Kata-kata Abah membuat Willi speechless, disaat banyak orang berlomba mengejar gaya hidup sampai segala cara ditempuh, tapi seorang Abah keinginannya begitu sederhana. Pantas saja dua orang tua itu tampak sehat karena memiliki hati yang lapang, pandai bersyukur.
"Jadi berapa, Mak?" Willi menerima kantong kresek yang disodorkan Emak.
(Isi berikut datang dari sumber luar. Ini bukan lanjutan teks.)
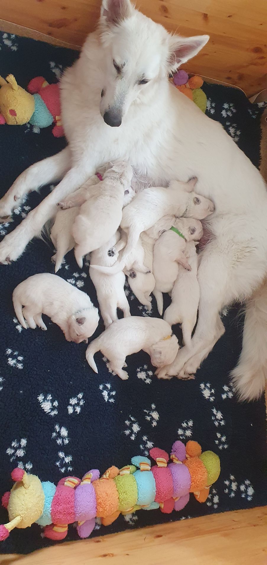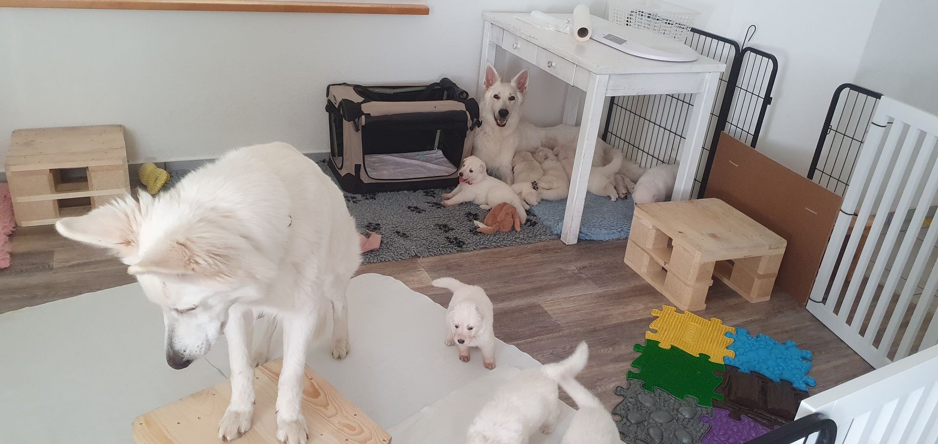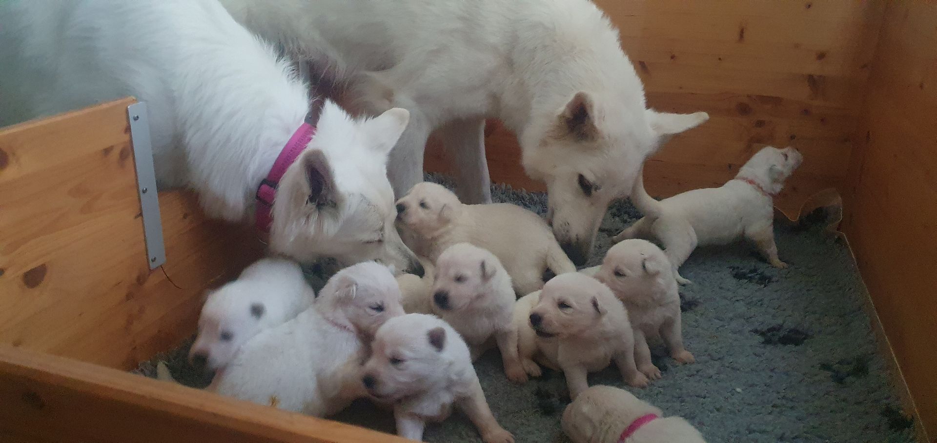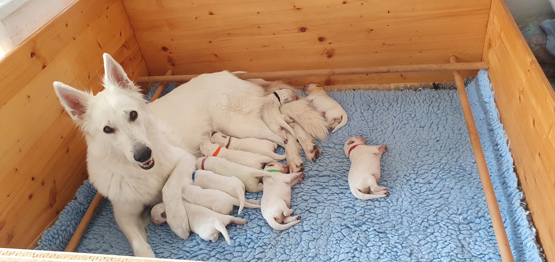 Mutter und Welpen geht es gut und wir freuen uns auf die kommenden Wochen mit der großen Hundefamilie.
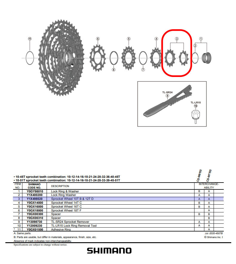 CS-M8100 스프라켓 유닛 낱장 10-12T
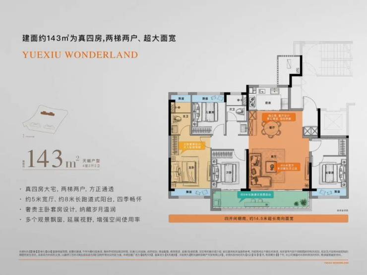 建面约143㎡户型四开间朝南,带独立储藏空间,南向双阳台开间约8米。
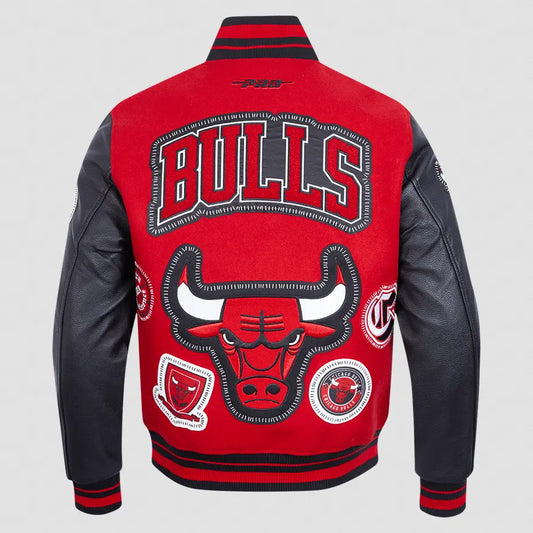 Pro Standard - NBA Chicago Bulls Team Badge Men's Rib Wool Varsity Jacket - Black / Red

"Serabi 7, jadi 21 ribu, Den."
Willi mengeluarkan dompetnya. Ia menyerahkan uang kepada Emak.
"Ini kebanyakan atuh Aden, 21 ribu. Bukan 500 ribu." Emak terkaget, dan berniat mengembalikan lagi uang itu.
"Terima aja Mak, itu rejeki buat Abah sama Emak karena sudah memberi saya pelajaran tentang hidup. Semoga Abah dan Emak sehat selalu dan panjang umur."
Willi segera pergi tanpa menunggu jawaban keduanya.
Abah dan Emak saling pandang dengan mata berkaca-kaca, haru. Doa tulus mereka panjatkan untuk pemuda baik hati yang telah memberinya rejeki yang tak disangka-sangka.